→ **ACTIVITY**: Your task is to copy the lines of the data below from the line holding "下午16:10分,在施工現(xiàn)場" through the line holding "Welcome your visitors", inclusive, exactly and with nothing added.

→ **DATA FOR REVIEW**:
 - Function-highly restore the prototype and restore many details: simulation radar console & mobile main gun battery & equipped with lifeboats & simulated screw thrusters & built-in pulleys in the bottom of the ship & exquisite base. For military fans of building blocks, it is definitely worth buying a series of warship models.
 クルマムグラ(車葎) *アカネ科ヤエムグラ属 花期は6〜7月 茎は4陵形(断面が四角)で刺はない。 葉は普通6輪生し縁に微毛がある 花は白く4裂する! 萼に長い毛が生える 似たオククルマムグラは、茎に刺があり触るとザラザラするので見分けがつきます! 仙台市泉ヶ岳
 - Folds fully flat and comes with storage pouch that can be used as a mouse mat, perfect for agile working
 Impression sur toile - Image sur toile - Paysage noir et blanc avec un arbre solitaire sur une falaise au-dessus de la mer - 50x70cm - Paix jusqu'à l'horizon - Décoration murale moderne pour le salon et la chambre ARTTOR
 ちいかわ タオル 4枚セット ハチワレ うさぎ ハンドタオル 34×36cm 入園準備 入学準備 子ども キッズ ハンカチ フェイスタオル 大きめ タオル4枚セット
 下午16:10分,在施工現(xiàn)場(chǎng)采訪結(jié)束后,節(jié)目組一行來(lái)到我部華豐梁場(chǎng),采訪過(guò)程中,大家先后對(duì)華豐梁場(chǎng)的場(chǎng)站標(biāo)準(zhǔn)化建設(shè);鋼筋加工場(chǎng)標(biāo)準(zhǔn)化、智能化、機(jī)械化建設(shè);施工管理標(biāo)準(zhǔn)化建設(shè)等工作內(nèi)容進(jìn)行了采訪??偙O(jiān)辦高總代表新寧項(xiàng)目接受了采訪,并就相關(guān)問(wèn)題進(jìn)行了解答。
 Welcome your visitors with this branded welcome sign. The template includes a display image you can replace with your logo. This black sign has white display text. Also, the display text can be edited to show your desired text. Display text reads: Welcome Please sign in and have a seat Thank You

--

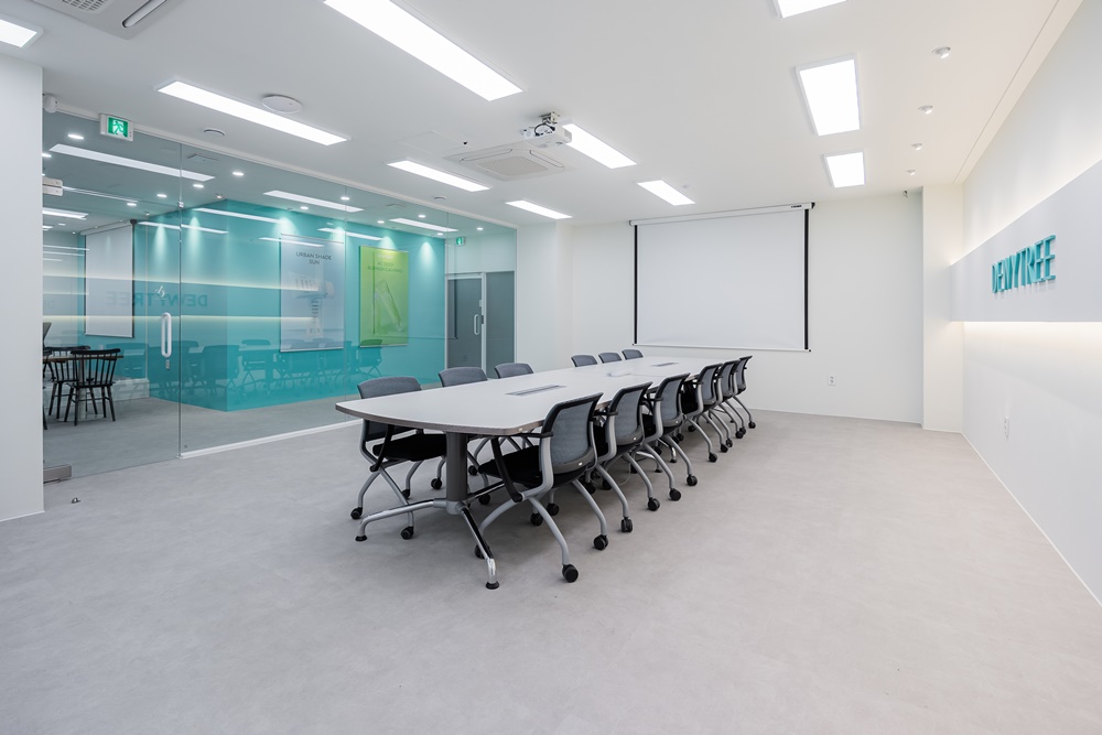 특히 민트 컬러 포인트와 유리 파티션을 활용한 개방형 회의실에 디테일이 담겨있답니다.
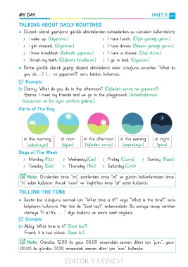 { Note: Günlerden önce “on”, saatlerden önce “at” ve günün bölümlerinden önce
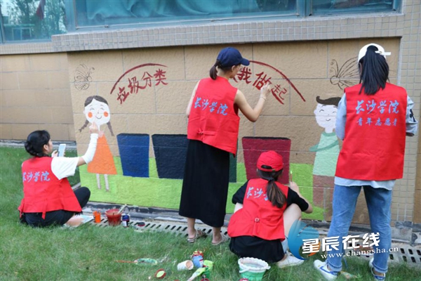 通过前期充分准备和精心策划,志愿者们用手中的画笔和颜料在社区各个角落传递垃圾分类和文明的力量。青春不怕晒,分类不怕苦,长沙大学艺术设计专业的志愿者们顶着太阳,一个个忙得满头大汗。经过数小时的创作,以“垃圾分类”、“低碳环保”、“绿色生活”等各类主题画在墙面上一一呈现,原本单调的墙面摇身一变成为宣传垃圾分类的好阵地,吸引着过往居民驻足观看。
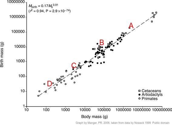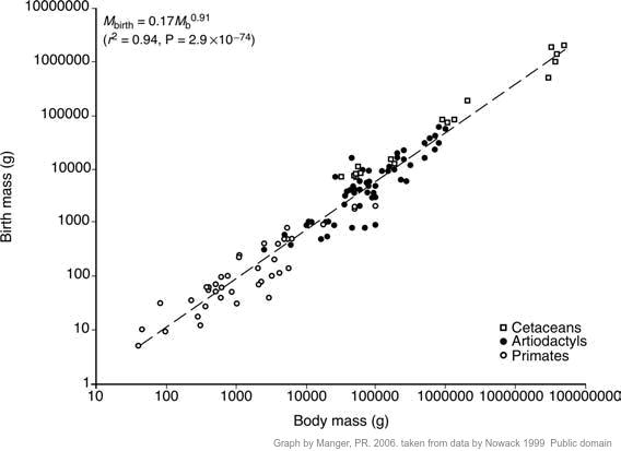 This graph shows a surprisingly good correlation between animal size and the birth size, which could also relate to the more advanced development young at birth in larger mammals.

→ **ANSWER TO THIS TASK**:
 下午16:10分,在施工現(xiàn)場(chǎng)采訪結(jié)束后,節(jié)目組一行來(lái)到我部華豐梁場(chǎng),采訪過(guò)程中,大家先后對(duì)華豐梁場(chǎng)的場(chǎng)站標(biāo)準(zhǔn)化建設(shè);鋼筋加工場(chǎng)標(biāo)準(zhǔn)化、智能化、機(jī)械化建設(shè);施工管理標(biāo)準(zhǔn)化建設(shè)等工作內(nèi)容進(jìn)行了采訪??偙O(jiān)辦高總代表新寧項(xiàng)目接受了采訪,并就相關(guān)問(wèn)題進(jìn)行了解答。
 Welcome your visitors with this branded welcome sign. The template includes a display image you can replace with your logo. This black sign has white display text. Also, the display text can be edited to show your desired text. Display text reads: Welcome Please sign in and have a seat Thank You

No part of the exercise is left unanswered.